When to Use Each Traversal
Inorder:
- BST: get sorted order
- Check if tree is BST
- Flatten BST to sorted list
Preorder:
- Copy tree
- Serialize tree (save to file)
- Prefix expression evaluation
- Check if trees are identical
Postorder:
- Delete tree (delete children first)
- Evaluate expression trees
- Calculate tree properties (height, size)
Level-order:
- Print tree by levels
- Find shortest path
- Check completeness
- Serialize for reconstruction
Example: Serialize and Deserialize
Preorder for serialization.
def serialize(root):
if root is None:
return "None,"
return str(root.value) + "," + serialize(root.left) + serialize(root.right)
def deserialize(data):
def helper(values):
val = next(values)
if val == "None":
return None
node = TreeNode(int(val))
node.left = helper(values)
node.right = helper(values)
return node
values = iter(data.split(','))
return helper(values)
tree = TreeNode(1)
tree.left = TreeNode(2)
tree.right = TreeNode(3)
tree.right.left = TreeNode(4)
serialized = serialize(tree)
print(serialized) # "1,2,None,None,3,4,None,None,None,"
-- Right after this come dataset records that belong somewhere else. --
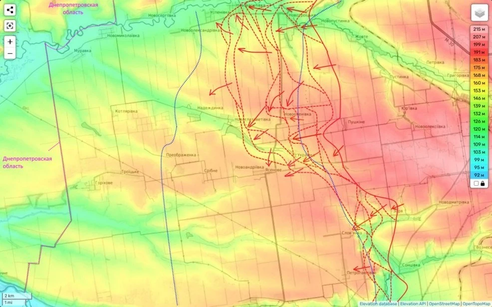 Таким образом, как мы видим и центральная часть фронта обороны ВСУ заметно проседает. И согласно вчерашних данных гауляйтера Покровска, до городской застройки нам осталось пройти менее 2 км.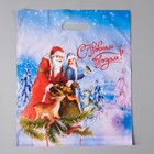 Пакет "Новый Год в лесу", полиэтиленовый с вырубной ручкой, 38х45 см, 45 мкм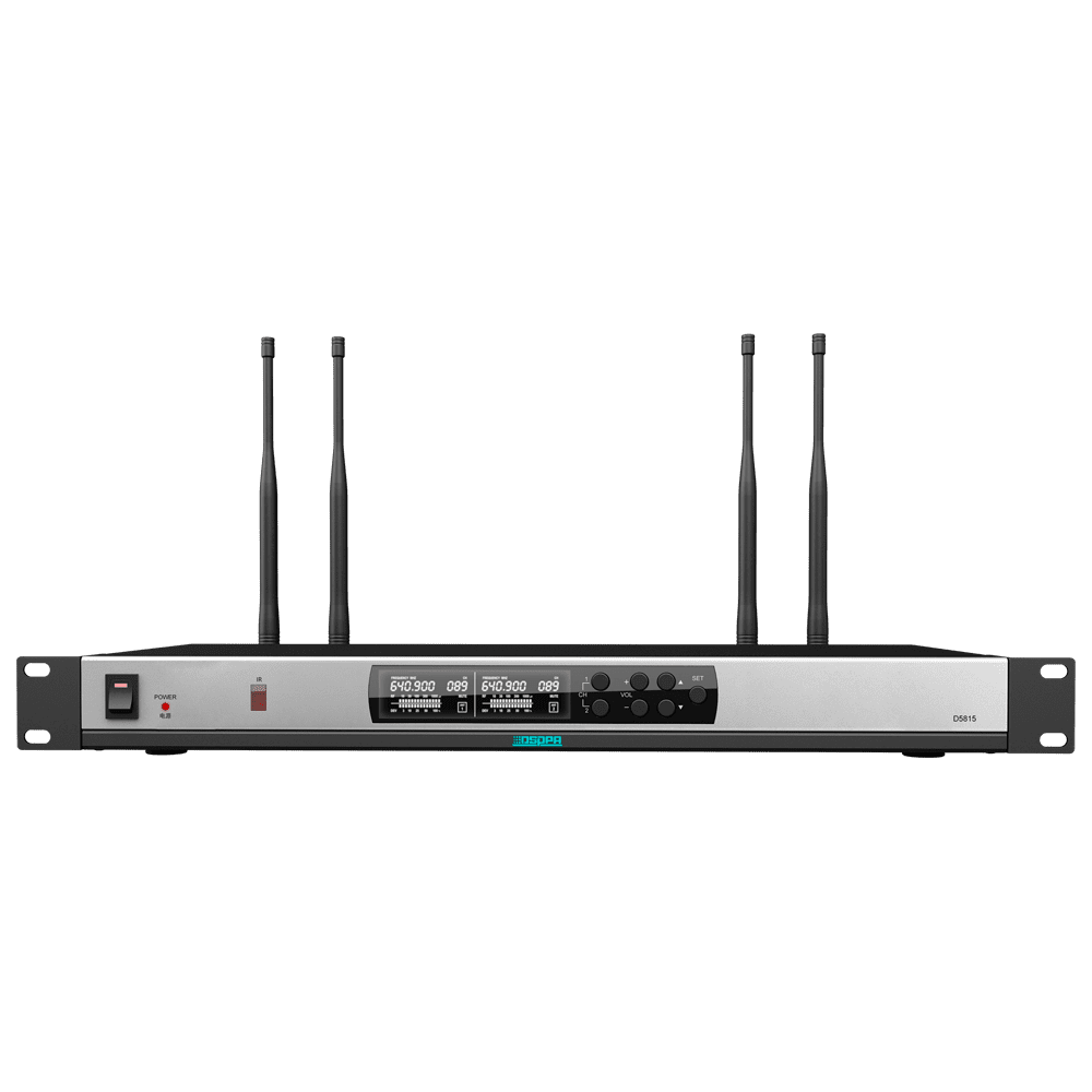 Recetor de microfone sem fios – Duplo canal – Emparelhamento mediante IV – Controlo de volume para cada canal – Saída XLR – Compatível com microfones DSPPA-D58XX

restored = deserialize(serialized)
Preorder serialization: root, left, right. Deserialization follows same order.
Example: Check if Identical Trees
def is_identical(p, q):
if p is None and q is None:
return True
if p is None or q is None:
return False
if p.value != q.value:
return False
return is_identical(p.left, q.left) and is_identical(p.right, q.right)
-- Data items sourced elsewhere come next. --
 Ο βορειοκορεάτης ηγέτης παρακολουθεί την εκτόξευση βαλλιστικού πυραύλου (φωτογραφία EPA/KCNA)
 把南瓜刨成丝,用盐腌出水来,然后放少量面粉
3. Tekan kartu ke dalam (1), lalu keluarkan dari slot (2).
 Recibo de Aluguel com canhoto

Preorder traversal. Check root, then recursively check left and right.
The Pattern
Tree traversals are about order:
- Recursive: Elegant, uses call stack
- Iterative: Explicit stack, more control
- Morris: O(1) space, complex
Understanding traversals means understanding when to process root relative to children. That choice determines the output order and what problems you can solve.
Master traversals, and you'll handle trees like a pro.